Municipal Properties. DWSD encourages the use of green stormwater infrastructure at municipal facilities.
- Charles Wright Academy – DWSD selected the Charles Wright Academy for a GSI project which began in 2021and was completed in 2022. The Rouge River sits behind the Charles Wright Academy. The two bioretention cells installed on either side of the school captures stormwater runoff coming from the school’s rooftop and parking lot and filters it before discharging into the Rouge River. The project reduces annuals flows to the combined sewer system by up to three million gallons.
- Crowell Recreation Center – DWSD removed two paved parking lots at the Crowell Recreation Center and replaced them with permeable block pavement and bioretention islands. Construction began in Spring 2018 and was completed in Spring 2019.
Tree Plantings. From 2010-2015, DWSD in conjunction with its partner, The Greening of Detroit, have planted more than 7,117 trees in the Upper Rouge Tributary area.
Downspout Disconnections. Since 2011, DWSD in conjunction with its partner, The Greening of Detroit, has hosted nearly 64 workshops on “how to” disconnect and provided free materials (e.g., downspout elbow, extender, and plug) to nearly 440 participants. DWSD is also conducting downspout disconnections as part of the Far West Stormwater Improvement Project.
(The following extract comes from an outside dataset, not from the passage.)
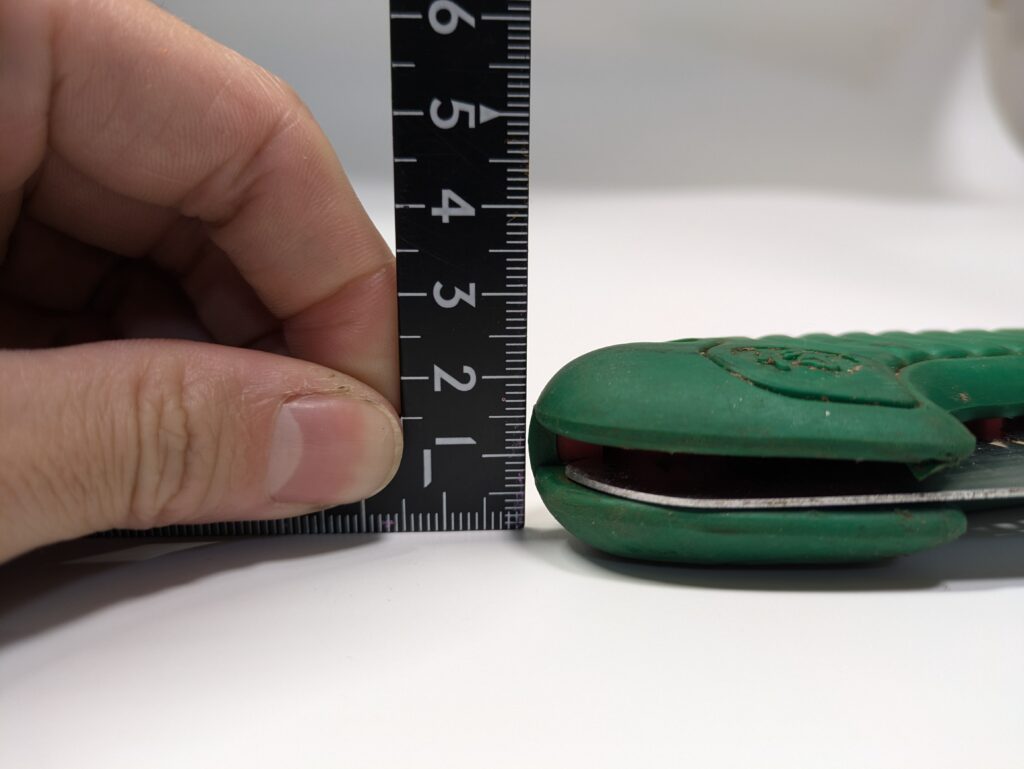 アルパインカスタムのグリップは厚さ10㎜ / 重量25gです。これはよくある市販のノコギリの半分以下の厚さなので、パッキング後でも隙間にスッと差し込むことができます。

Check back here for new information and updates on DWSD’s green stormwater infrastructure projects.
Program Annual Reports. DWSD prepares annual progress reports to document progress on the Green Stormwater Infrastructure Program for the Michigan Department of Environmental Quality and other interested organizations and residents. Reports documenting activities from 2010 to the present are available here.
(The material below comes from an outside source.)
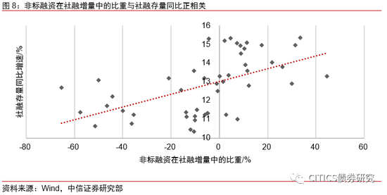 其三是对实体经济的外部性。由于国内居民对期限较长的资管产品的偏好程度较低,期限匹配意味着大量期限较长的,与实体经济融资相关的底层资产都难以与资管产品资金对接。因此资管新规的全面落地势必会造成实体经济融资环境在一段时间内陷入比较艰难的处境。企业融资和以城投平台非标形式进行的地方政府融资,期限往往较长,通过发新资管产品承接的难度较大,同时新的非标融资渠道也会受到一定的影响。非标融资作为信贷的重要补充,根据下图7,分析发现非标融资在社融增量中的比重与社融存量同比正相关。虽然长期来看,投融资会向标准化市场挖掘,但短期内依然可能造成社融走弱。

- 2022 DWSD Green Infrastructure Progress Report
- 2021 DWSD Green Infrastructure Progress Report
- 2019 DWSD Green Infrastructure Progress Report
- 2018 DWSD Green Infrastructure Progress Report
- 2017 DWSD Green Infrastructure Progress Report
- 2016 DWSD Green Infrastructure Progress Report
- 2015 DWSD Green Infrastructure Progress Report
- 2014 DWSD Green Infrastructure Progress Report
- 2013 DWSD Green Infrastructure Progress Report
- 2012 DWSD Green Infrastructure Progress Report
- 2011 DWSD Green Infrastructure Progress Report
How is Detroit Supporting Green Stormwater Infrastructure Implementation on Private Parcels?
Ensuring effective and efficient implementation of the stormwater management strategies in the Green Infrastructure Plan requires cooperation among city departments and a city code that supports green stormwater infrastructure. DWSD recently reviewed the city’s municipal code to identify possible barriers to implementing green stormwater infrastructure throughout Detroit. The review revealed a number of areas within the code that could be revised to support, incentivize or require the implementation of green stormwater infrastructure for stormwater management. DWSD and other city departments are working together to address the areas of the code that need improvement to support green stormwater infrastructure. This includes developing a new ordinance to require stormwater management on development and redevelopment projects after construction is complete, as well as revising the existing code.